Pitch Points: Pep’s next thousand games; will Messi drag Miami to glory?

Manchester City v Liverpool - Premier LeagueMANCHESTER, ENGLAND - NOVEMBER 9: Pep Guardiola Manager / Head Coach of Manchester City celebrates with Bernardo Silva of Manchester City at full time following the 3-0 victory during the Premier League match between Manchester City and Liverpool at Etihad Stadium on November 9, 2025 in Manchester, England.
Pep Guardiola has refashioned Manchester City yet again. Photograph: Robbie Jay Barratt/AMA/Getty Images

What will Pep Guardiola’s next 1,000 games look like?

Pep Guardiola has done a lot with his 1,000 matches as a manager. At Barcelona, Bayern Munich and Manchester City, he has lifted 40 trophies (including three Community Shields, because why wouldn’t you count them?), yet not even this fact quantifies the way Guardiola has defined an entire era (or two) of the sport.

And he’s working on setting the zeitgeist again. In his 1,000th match in the dugout on Sunday, Guardiola watched his City side dismantle Liverpool in a way that suggests the 54-year-old’s next great team is in the pipeline.

While so many of soccer’s best teams in 2025 are all about the press, Guardiola wants his Manchester City team to find solutions with the ball. Against Liverpool, he fielded three natural creators (Rayan Cherki, Phil Foden and Bernardo Silva) to play through the middle with Jérémy Doku also tucked inside to overload the centre and dribble to his heart’s content. The Premier League champions couldn’t cope.

As if that wasn’t enough for Liverpool to handle, Nico O’Reilly was given the freedom to get forward and take up positions that twisted Liverpool’s Conor Bradley into a knot while Erling Haaland did Erling Haaland things. Even without Rodri, City had full control of the game in the centre of the pitch. It was a complete performance.

Passing in the Premier League is at a 15-year low. Long throws are up 100% and route one soccer is back. Guardiola, though, is attempting to get ahead of the curve. He’s anticipating the next tactical evolution and is doing all he can to ensure his Manchester City team are the ones leading it.

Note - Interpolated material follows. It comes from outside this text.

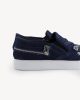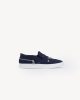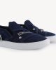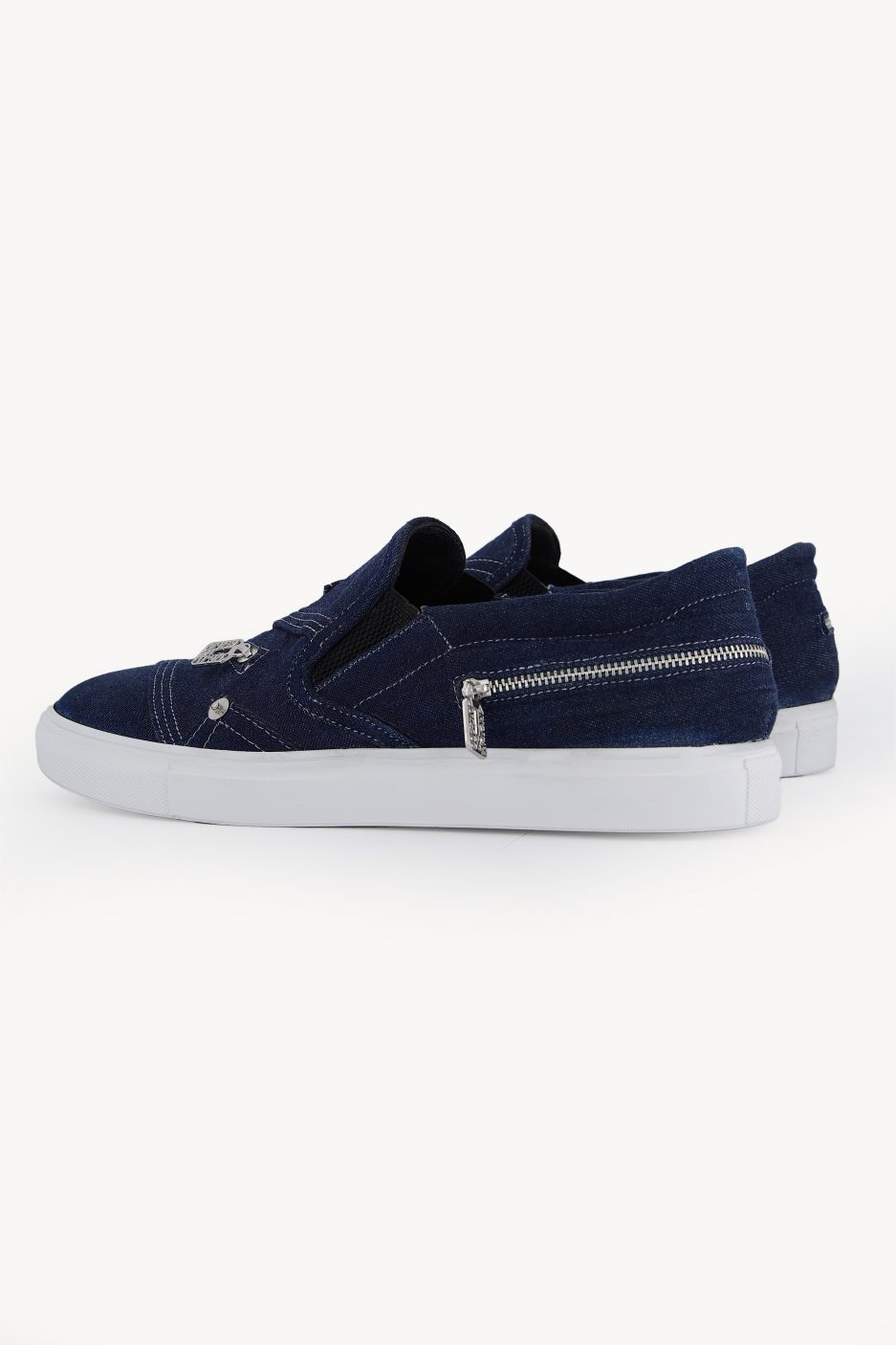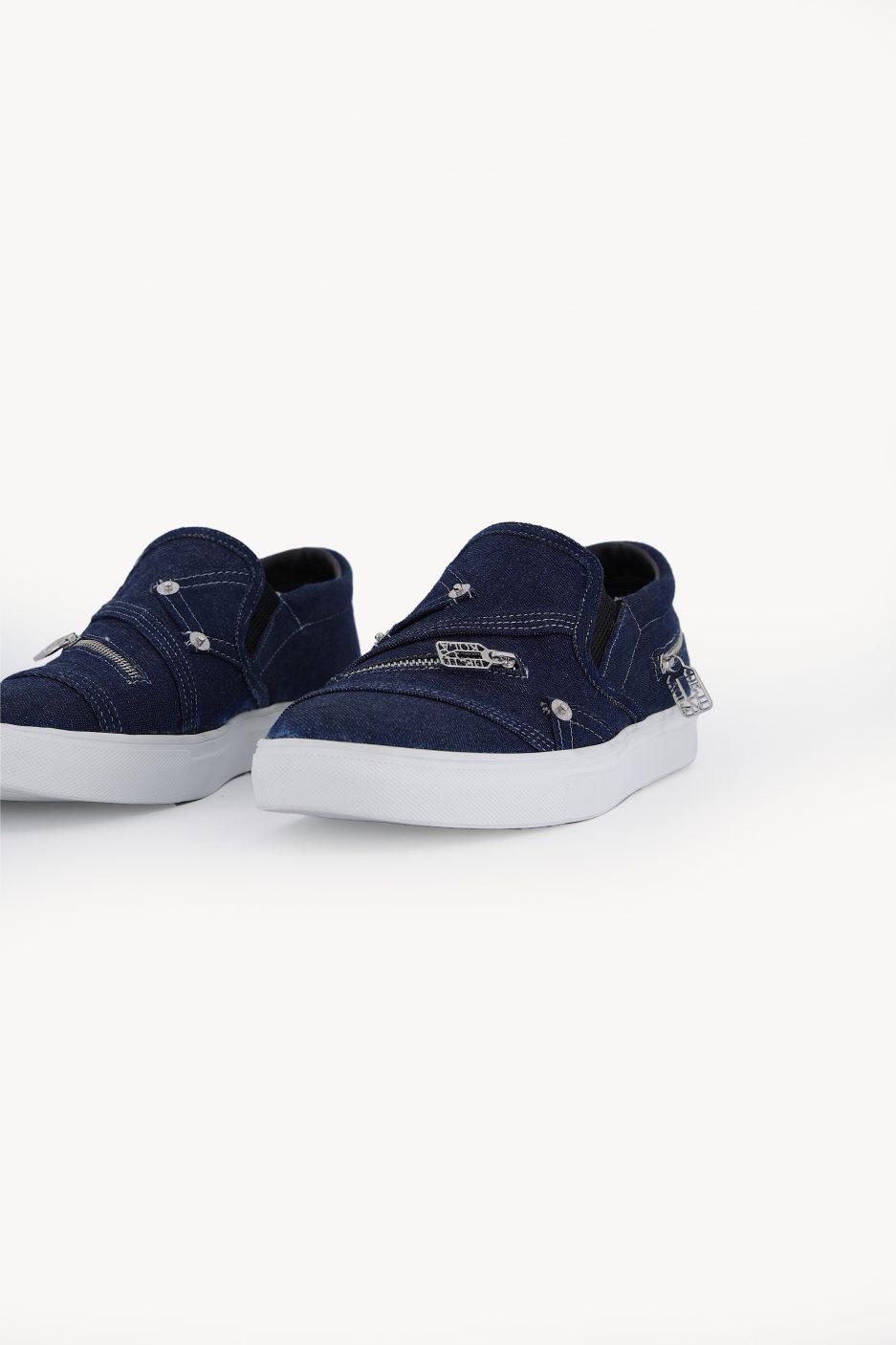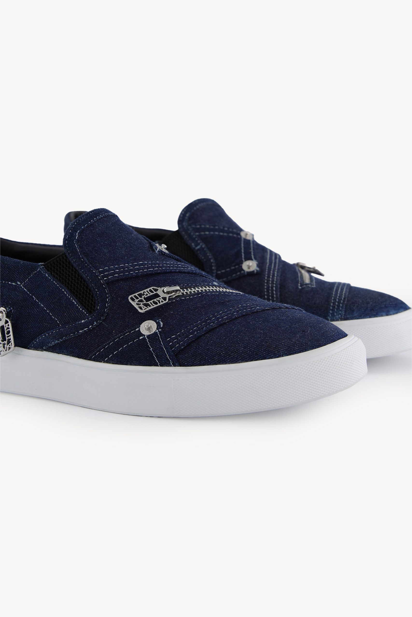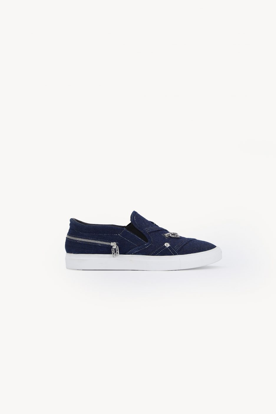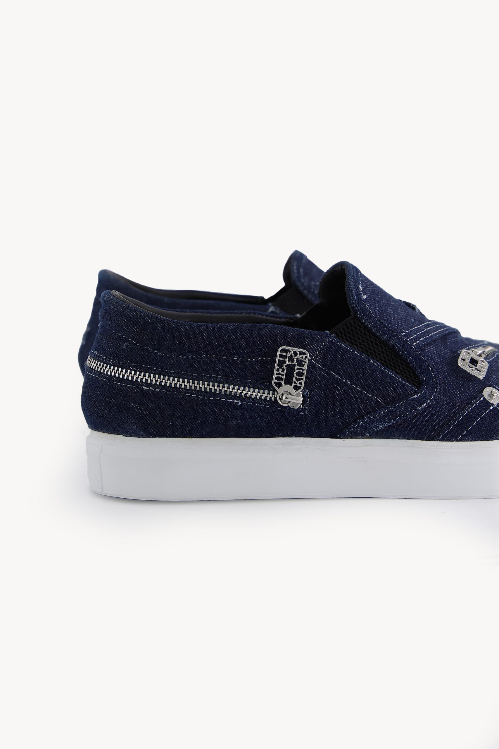 The DKSN-01 is a slip-on sneaker made from blue denim. It features silver zippers on the top and back, and a white rubber sole for comfort. An easy, versatile shoe for everyday wear.

Did the CPL championship game have the craziest-ever conditions for a final?

Sunday’s Canadian Premier League final couldn’t have looked any more Canadian if it had tried. Played in temperatures of -8C (17.6F) amid blizzard conditions, Atlético Ottawa’s extra time win over Cavalry FC was more of a Winter Olympics event than a soccer match. The goalkeepers who used shovels to clear the penalty boxes of snow every 15 minutes could be curling sweepers.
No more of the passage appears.